-- TASK PROMPT --
Give again, exactly and without pictures, the lines running from the line with "Lever de lune" to the end of the records below.

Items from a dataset
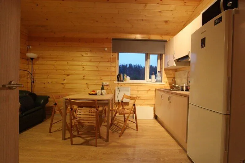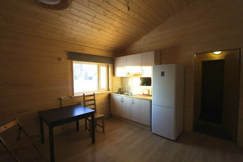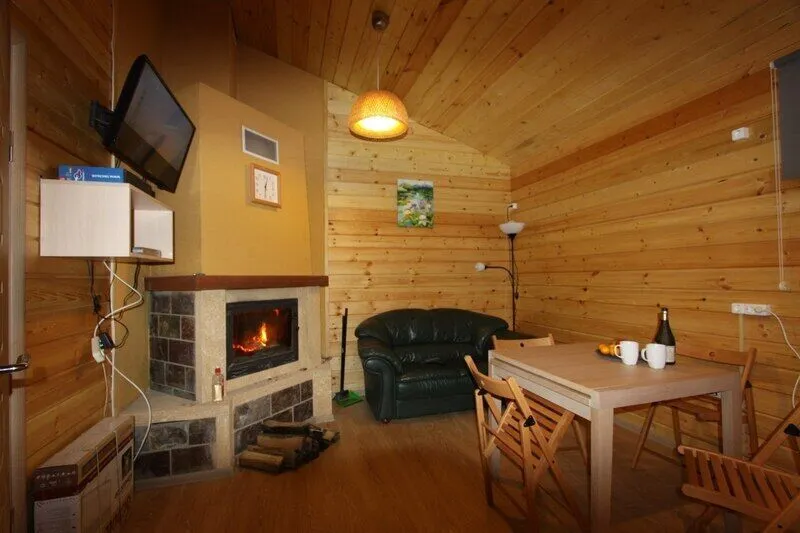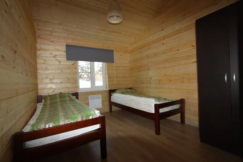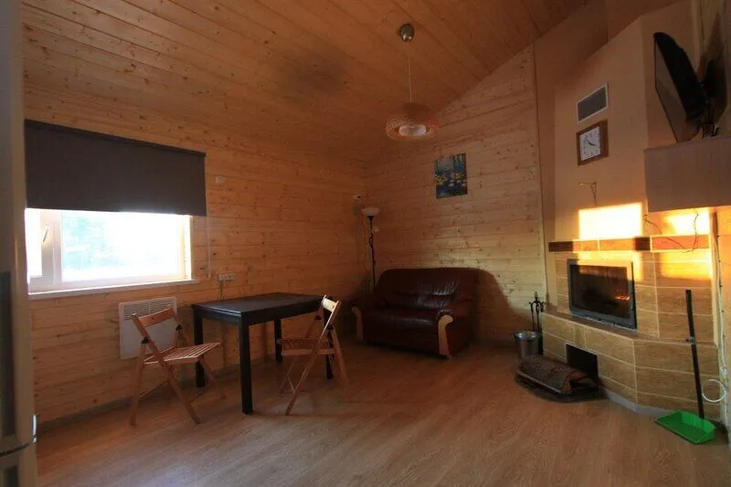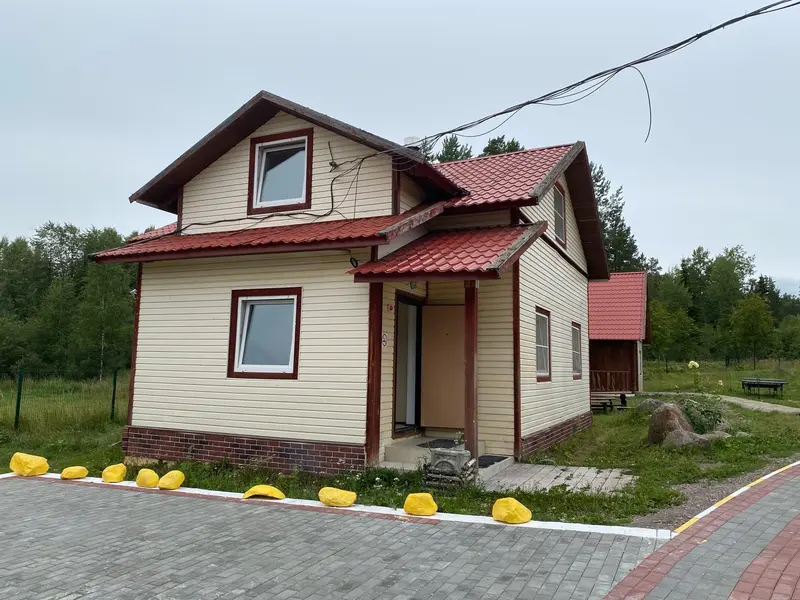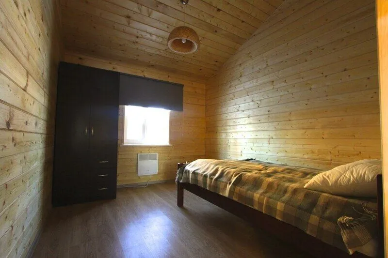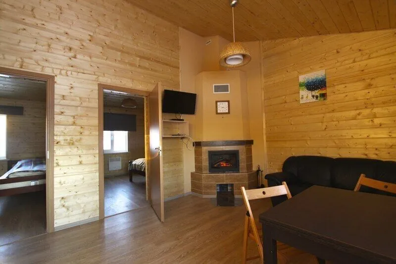 Двухэтажный дом на 6-8 человек площадью 110 кв. м. На 1-ом этаже расположены кухня-гостиная с камином, совмещенная со спальней и санузел с ванной; на 2-ом этаже – холл, две отдельные спальные комнаты и туалет.
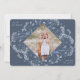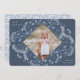 Elegant holiday photo card features a favourite photo surrounded by a geometric border of delicate blue botanical foliage and tiny watercolor flower blossoms on a slate blue background. "Joy and light" appears at the upper left corner in white lettering, with your family name at the lower right.
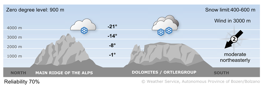 Maximum temperatures between -1° and +6°, locally higher values will be possible due to the foehn wind.
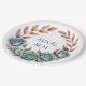 Teal Roses and Copper Leaves Wedding Paper Plate
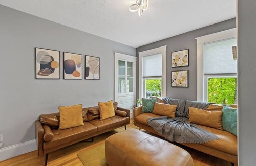 Our renovated house is nestled on a safe tree-lined, in the PERFECT Waltham location around a nice neighborhood. Private 1200 sq/ft 4Bed, memory foam mattress, fast streaming latest tech TV 65" with a 1,000Mb speed (no cable TV), kitchen is carefully stocked with everything you may need. Sleeps 11 comfortably. Parking included. Short walk to Moody St and amazing restaurants. Very close to Brandeis & Bentley.
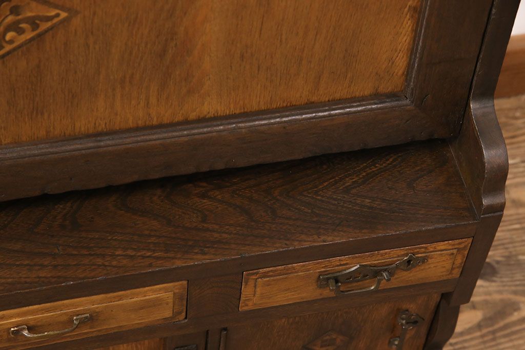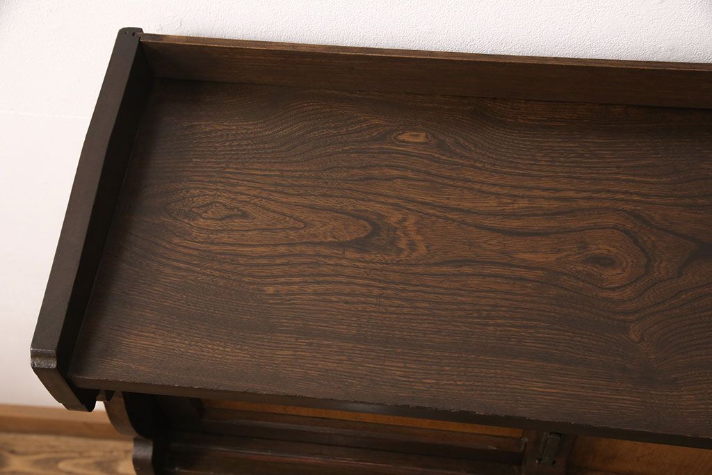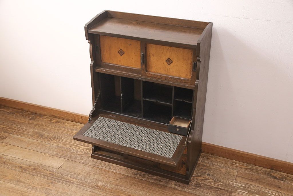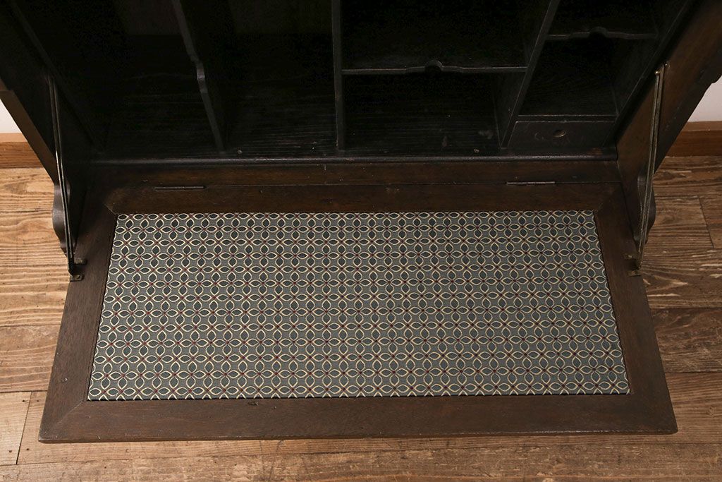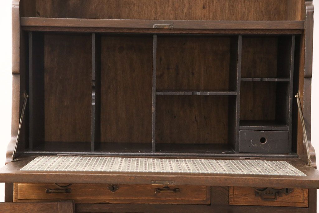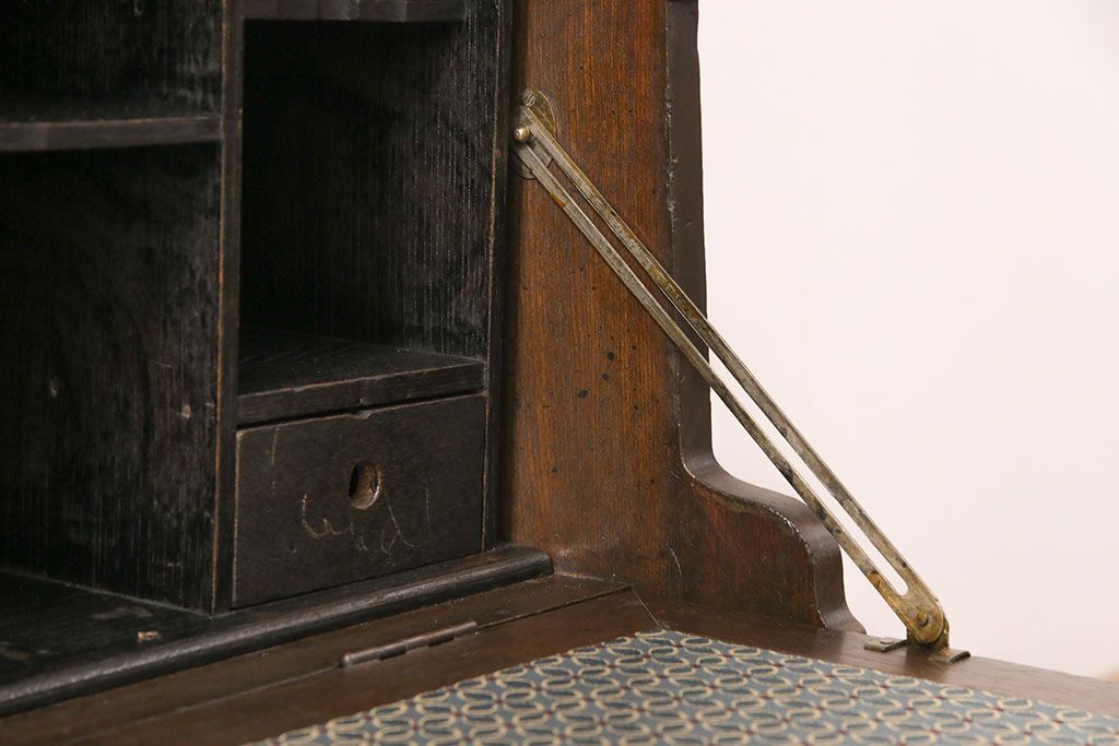 ライティングビューローをリペア&カスタム!作業台の生地を張り替え、現状に色味を活かして仕上げ。(簿記机、ワークデスク)
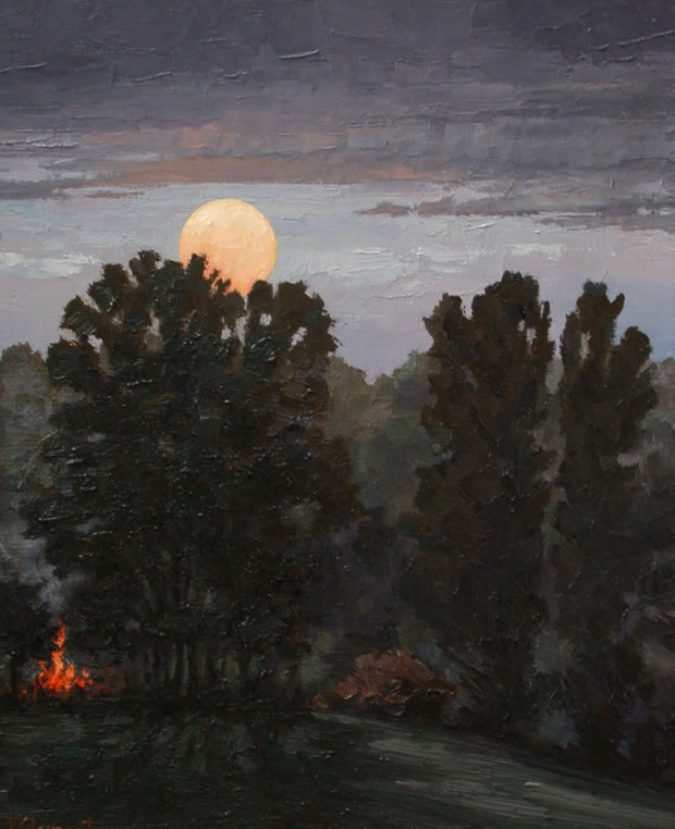 Lever de lune à Saint-Amand-des-Hautes-Terres 3 F Huile sur toile
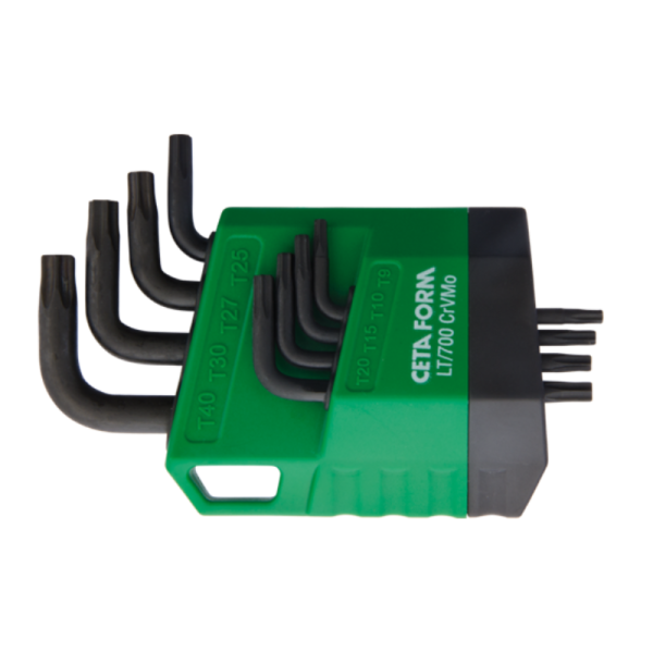 Ceta Form Hex and TORX L Keys. A comprehenisve range of hex and TORX L keys in industrial quality to suit every application. Colour coded clips for ease of selection. 8 Piece TORX L Key Set (Short Arm) are manufactured from high quality steel and meet all standards and tolerances.

-- TASK RESULT --
 Lever de lune à Saint-Amand-des-Hautes-Terres 3 F Huile sur toile
 Ceta Form Hex and TORX L Keys. A comprehenisve range of hex and TORX L keys in industrial quality to suit every application. Colour coded clips for ease of selection. 8 Piece TORX L Key Set (Short Arm) are manufactured from high quality steel and meet all standards and tolerances.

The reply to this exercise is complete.